Practical recommendations / action items

For mathematicians and research groups:

  • Use AI as a research aid—literature synthesis, learning new areas, sketching approaches—but always verify results.
  • Prefer workflows that couple AI output with proof assistants for formal verification when possible.
  • Treat natural-language AI proofs with skepticism; avoid posting unvetted AI-generated proofs to preprint servers.
  • Learn tooling: invest time in understanding formal proof assistants and AI-assisted formalization workflows to get ahead of the transition.

For journals, arXiv moderators, and institutions:

  • Update norms and submission/peer-review processes to address AI-generated results (e.g., require verifiable artifacts or formal proofs for high-risk claims).
  • Develop standards for disclosure when AI is used in producing proofs or technical results.

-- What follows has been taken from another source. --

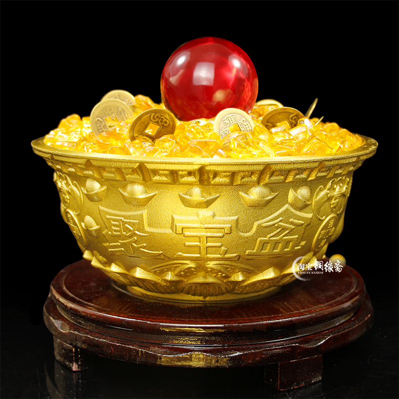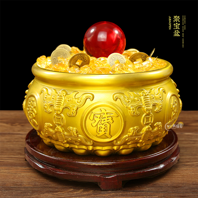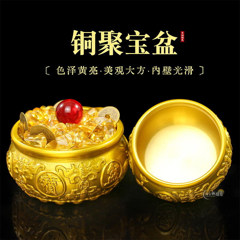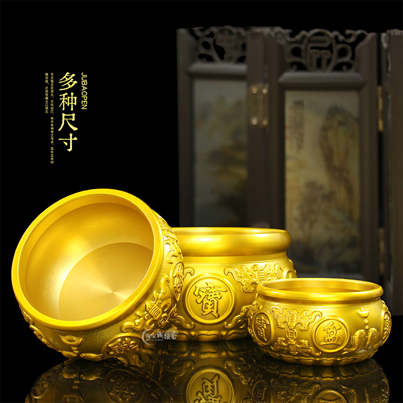 实心铜聚宝盆摆件铜盆铜碗聚宝盆米缸家居客厅店铺开业礼品八福盆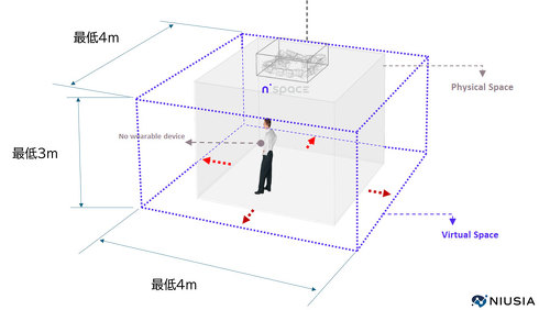 n'Spaceは、ルームスケール環境で1:1の実物大スケール空間を再現する。空間幾何学補正アルゴリズム(Spatial Geometry Compensation Algorithm)で歪みのない映像体験を提供し、疲労感なく長時間利用できる。

For students and early-career researchers:

  • Expect changing skill requirements: familiarity with AI research tools and proof assistants will be a valuable complement to traditional mathematical training.
  • Continue to cultivate deep problem-formulation and collaboration skills—those remain central and hard to automate.

Final perspective

AI is already reshaping parts of mathematical practice—helping with computations, learning, literature review, and occasionally producing suggestive or partly correct proofs—but it has not yet replaced core human roles: creative problem selection, deep conceptual understanding, and community verification. The most productive near-term path is likely a hybrid one: humans using AI to accelerate discovery while relying on formal verification tools and human judgment to ensure correctness and comprehension.